You can manipulate and transform data within a table (for example, by sorting or filtering) or manipulate multiple tables, which can be in different worksheets, to create a new table (for example, by joining). Use data operations to implement an algorithm that you design for deriving meanings from your data. With Xcalar's True Data in Place architecture, data is imported and analyzed without any ETL (Extract, Transform, and Load).
Each table is created with a name unique in the workbook. You can move tables between worksheets but not workbooks.
Effects of a Xcalar Compute Engine restart on your workbook
After Xcalar Compute Engine is restarted, all workbooks become inactive. This means that you must re-activate a workbook to resume your work.
Re-activating a workbook in this scenario requires that Xcalar Design can access all data sources for creating datasets used in the workbook. The path names to the data sources must be the same as before so that Xcalar can rebuild the datasets in the same way as it did when you imported them the first time.
Data formats supported
Xcalar Design natively supports CSV, JSON, Excel, and raw text, and can support other formats using UDFs (user-defined functions).
How Xcalar Design saves your work
Xcalar Design saves the results of all data operations as they are being completed. For example, after you filter a column, the resultant table is saved automatically. You do not have to click Save.
If your work is for manipulating the appearance of a table or a table column, Xcalar Design automatically saves your work in these situations:
- It saves your work every two minutes. (You can change the time interval in the General Settings window as described in Changing the environment settings for Xcalar Design.
- It saves your work when you sign out. However, before this automatic save, if you refresh your browser, your browser displays a message warning about unsaved changes. You must click Save to avoid losing the changes. The following screenshot shows the location of Save.
How to tell if there are unsaved changes
The following indicators show that there are unsaved changes in your workbook:
- An asterisk displayed next to Save at the bottom of your browser window. If you hover over Save, you can see a tooltip showing the time of the last save.
- A blue dot on the Xcalar icon in the browser tab.
To manually save changes, click Save as shown in the following screenshot.
Understanding what entities are shared by Xcalar users
Because multiple users can use
- Batch dataflow, including its associated parameters and schedule.
Dataset.NOTE: While all users can use the same dataset, only the dataset creator can delete the dataset.
- Export target.
- UDF (user-defined function).
In addition, memory is shared. The amount of memory used by one user affects the amount of memory available for other users.
The following list describes the entities that are not shared among Xcalar users:
In addition, the general settings that control Xcalar Design user interface elements are not shared.
Understanding the license key
To use all features offered by Xcalar Design, a valid license key must be entered during installation.

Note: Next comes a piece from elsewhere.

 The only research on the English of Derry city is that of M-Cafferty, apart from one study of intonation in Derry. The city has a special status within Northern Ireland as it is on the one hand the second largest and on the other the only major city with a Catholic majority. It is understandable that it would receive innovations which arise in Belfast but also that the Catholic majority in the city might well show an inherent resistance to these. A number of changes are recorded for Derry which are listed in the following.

Without a valid license, you cannot perform modeling by using operations such as filtering, finding aggregates, sorting, and joining. You can, however, import and export data.

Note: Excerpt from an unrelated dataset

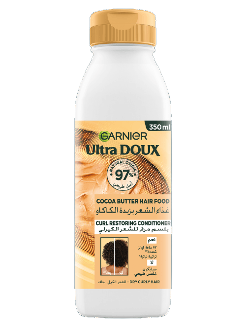 Garnier Ultra Doux Hair Food Cocoa Butter Curls Conditioner is specially formulated to nourish and restore dry, curly hair. Enriched with cocoa butter and jojoba oil, it features an ultra-melting texture for easy detangling and rinsing. Your curls will look healthy, intensely nourished, and beautifully restored.

If you cannot perform operations due to an invalid license, contact your Xcalar administrator as soon as possible. To ensure uninterrupted services, make sure that you have a valid license at all times.
If you are an administrator, you can update the license in the Setup panel of the Monitor. For more information about the Monitor, see Using Setup (Xcalar admin only).
Xcalar Compute Engine product version and license information
To display Xcalar product versions and the license expiration date, follow these steps:
- Click in the upper right corner of the Xcalar Design window.
In the drop-down menu, click About to display a modal window that lists product versions, license expiration date, and copyright information.
If the License Key Expiration is Unlicensed, the cluster does not have a valid license key, and you can perform only a limited number of operations.